> **What needs to be done**: Omit the images and retype the records verbatim.

[Extracted data entries]

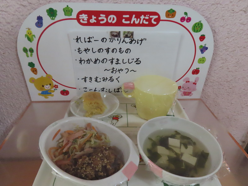 アルバム お知らせ 命の源 紫原の給食 2026年2月25日 【2月25日(水)】 《献 立》・レバーのかりん揚げ ・もやしの酢の物 ・わかめのすまし汁 《おやつ》・スキムミルク ・コーン蒸しパン 今日は,「劇団:すぎのこ」の皆さんが来てくださり,「人形劇」を観ました。 子どもたちは,大きな人形にびっくりしながらも,最初から最後まで食い入るように観ていましたよ。 給食では,子どもたちが大好きな『レバーのかりん揚げ』でした。 本当に美味しいんですよね。 中には, 「レバーは食べられないけど,紫原保育園の『レバーのかりん揚げ』は,食べられるんですよね」 という職員もいるぐらいです。 ★★ 元気に育て 紫原の宝 ★★
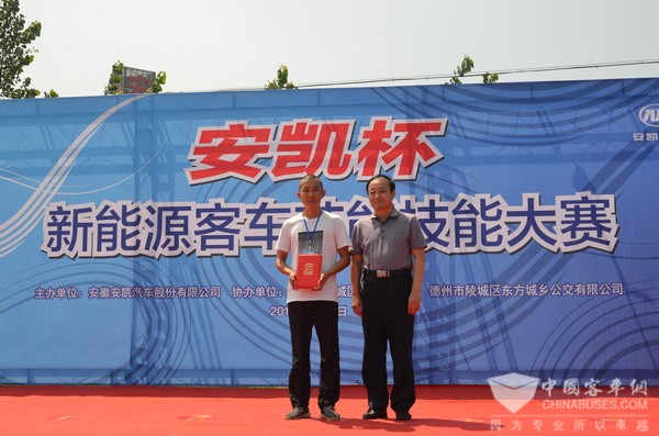 同时,作为推进新能源产业发展,发挥新能源客车节能效率的一项重要赛事,本次大赛得到了当地政府及用户的大力支持。安凯客车国内营销公司、德州交通运输局、东方城乡公交公司、新四通驾校等相关单位领导一同出席了本次活动,为优胜者高超的技术水平频频点赞。
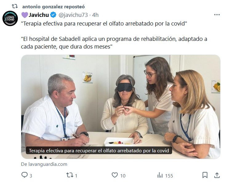 «Terapia efectiva para recuperar el olfato arrebatado por la covid» «El hospital de Sabadell aplica un programa de rehabilitación, adaptado a cada paciente, que dura dos meses» Posted on diciembre 2, 2024 por coronado https://www.lavanguardia.com/vida/20241202/10161504/terapia-efectiva-recuperar-olfato-arrebatado-covid.html
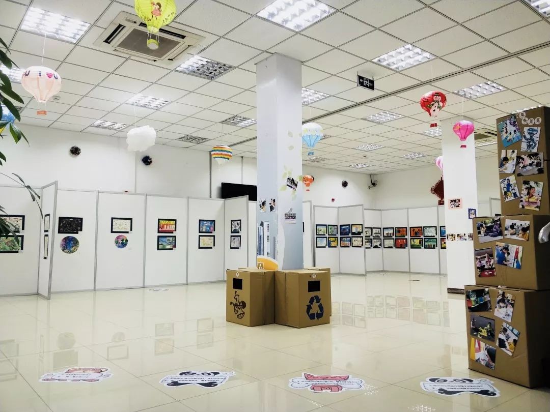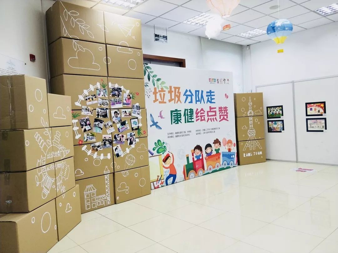此次画展,由康健外国语实验小学、康宁科技实验小学、樱花园小学、上师大一附小、上海世界外国语小学、上海市中国中学、康健外国语实验中学等7所中小学107名学生和100多名社区儿童,用他们手中的画笔,描绘出他们心目中的垃圾分类后的乐美康健!
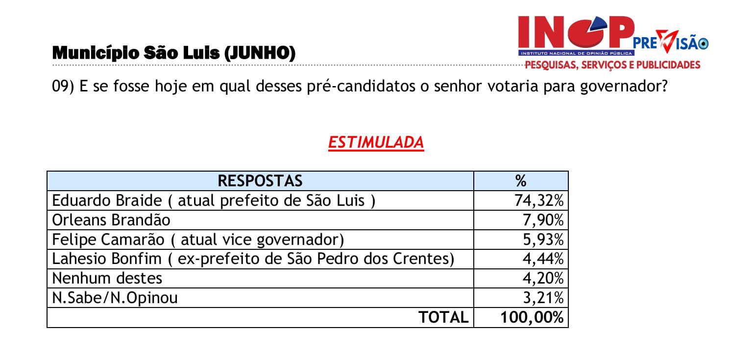 Comparativo dos números de pesquisas feitas em São Luís pelo Instituto Nacional de Opinião Pública (Inop Previsão), nos meses de junho e agosto, mostra crescimento da pré-candidatura de Orleans Brandão (MDB) ao governo do Estado e queda do percentual do pré-candidato Eduardo Braide (PSD). Chama atenção que o declínio do prefeito de São Luís ocorre justamente após anúncio da aproximação dele com o grupo de dinistas de extrema esquerda comunista.
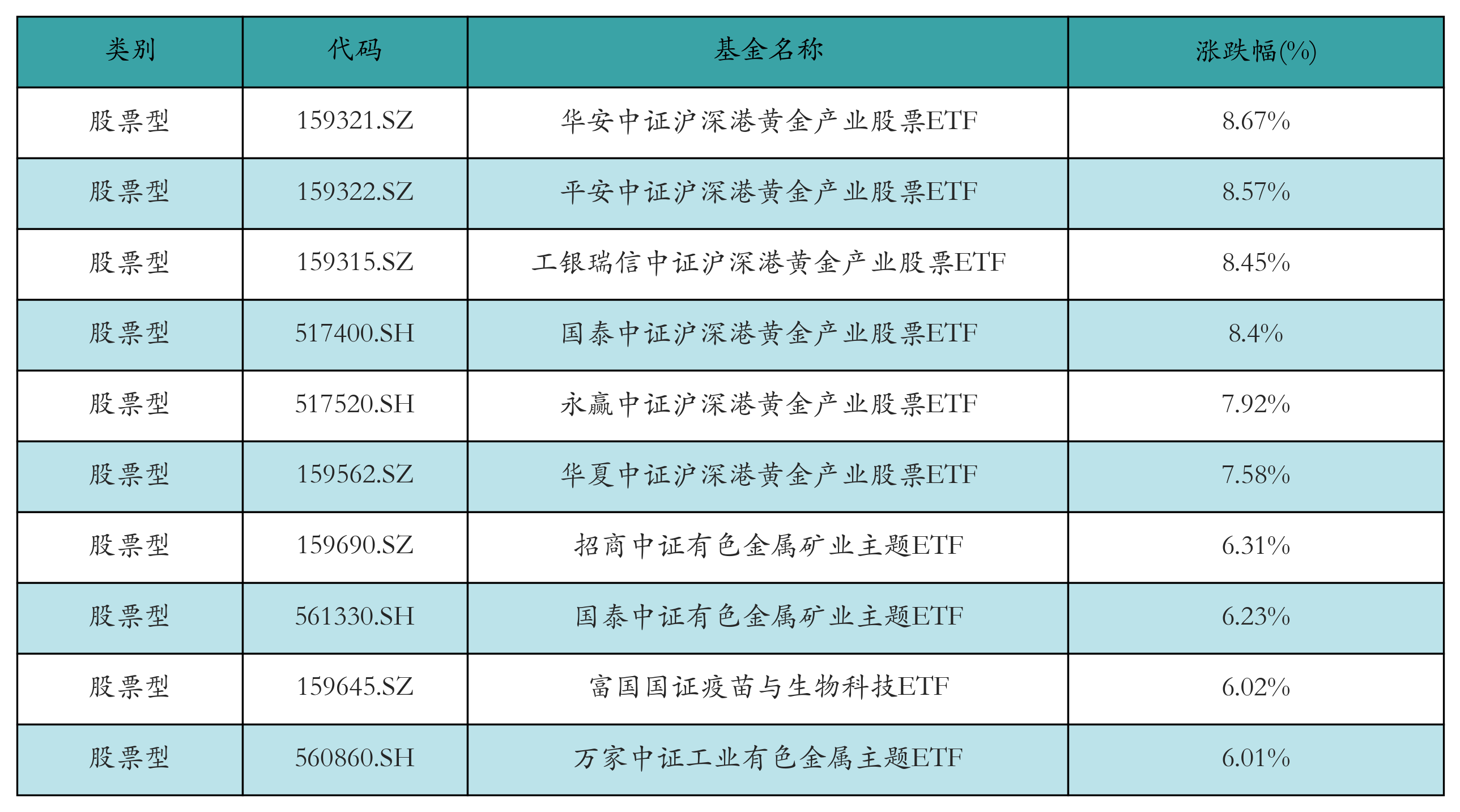 昨日股票型ETF涨幅最高的3只ETF及其收益率分别为:华安中证沪深港黄金产业股票ETF(8.67%)、平安中证沪深港黄金产业股票ETF(8.57%)、工银瑞信中证沪深港黄金产业股票ETF(8.45%)。涨幅前10详情见下表:

> **Solution for this task**:
 アルバム お知らせ 命の源 紫原の給食 2026年2月25日 【2月25日(水)】 《献 立》・レバーのかりん揚げ ・もやしの酢の物 ・わかめのすまし汁 《おやつ》・スキムミルク ・コーン蒸しパン 今日は,「劇団:すぎのこ」の皆さんが来てくださり,「人形劇」を観ました。 子どもたちは,大きな人形にびっくりしながらも,最初から最後まで食い入るように観ていましたよ。 給食では,子どもたちが大好きな『レバーのかりん揚げ』でした。 本当に美味しいんですよね。 中には, 「レバーは食べられないけど,紫原保育園の『レバーのかりん揚げ』は,食べられるんですよね」 という職員もいるぐらいです。 ★★ 元気に育て 紫原の宝 ★★
 同时,作为推进新能源产业发展,发挥新能源客车节能效率的一项重要赛事,本次大赛得到了当地政府及用户的大力支持。安凯客车国内营销公司、德州交通运输局、东方城乡公交公司、新四通驾校等相关单位领导一同出席了本次活动,为优胜者高超的技术水平频频点赞。
 «Terapia efectiva para recuperar el olfato arrebatado por la covid» «El hospital de Sabadell aplica un programa de rehabilitación, adaptado a cada paciente, que dura dos meses» Posted on diciembre 2, 2024 por coronado https://www.lavanguardia.com/vida/20241202/10161504/terapia-efectiva-recuperar-olfato-arrebatado-covid.html
此次画展,由康健外国语实验小学、康宁科技实验小学、樱花园小学、上师大一附小、上海世界外国语小学、上海市中国中学、康健外国语实验中学等7所中小学107名学生和100多名社区儿童,用他们手中的画笔,描绘出他们心目中的垃圾分类后的乐美康健!
 Comparativo dos números de pesquisas feitas em São Luís pelo Instituto Nacional de Opinião Pública (Inop Previsão), nos meses de junho e agosto, mostra crescimento da pré-candidatura de Orleans Brandão (MDB) ao governo do Estado e queda do percentual do pré-candidato Eduardo Braide (PSD). Chama atenção que o declínio do prefeito de São Luís ocorre justamente após anúncio da aproximação dele com o grupo de dinistas de extrema esquerda comunista.
 昨日股票型ETF涨幅最高的3只ETF及其收益率分别为:华安中证沪深港黄金产业股票ETF(8.67%)、平安中证沪深港黄金产业股票ETF(8.57%)、工银瑞信中证沪深港黄金产业股票ETF(8.45%)。涨幅前10详情见下表:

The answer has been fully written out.